The reason we choose a node with height h or h + 1 is because if we are at a node of height h, and we move to its parent node, then the height of the new (parent) node might increase by 2 (to h + 1), since the sibling of node from which we moved up might have a height greater (by 1) than its sibling.

Let u denote the parent of v.

Form a new tree whose root contains the key x, whose left sub-tree is the sub-tree rooted at v and whose right sub-tree is T'2.

Note that this is a valid binary search tree, since all the keys in the sub-tree rooted at v are in T1 and, hence, smaller than x, and, by construction, x is smaller than or equal to all elements in T'2. The balance factor of the root of this new tree is h - h' which is either -1 or 0, so this new tree is a valid AVL tree. The height of this new tree is h' + 1, which is 1 bigger than v's height.

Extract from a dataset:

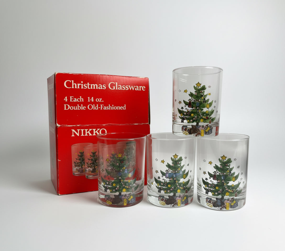 The "Happy Holidays" collection, which includes this glassware, is a popular line that evokes nostalgia and festive cheer, often featuring classic Christmas imagery. These items were typically produced in the late 20th century and are sought after by collectors for their charming designs and association with holiday traditions.

Let the root of this new tree be the right child of u, in place of v. Again, since all keys in this new tree are at least as big as u, this results in a valid binary search tree. This part of the construction takes constant time.

Now, as in the INSERT algorithm, we go up the tree, starting at u, fixing balance factors and perhaps doing a rotation. This takes O(h1) time. Note that the correctness follows from the condition at u before this process is begun is a condition that can arise during the INSERT algorithm.

Since h1, h2 ∈ O(log n), the total time taken by this algorithm is in O(log n).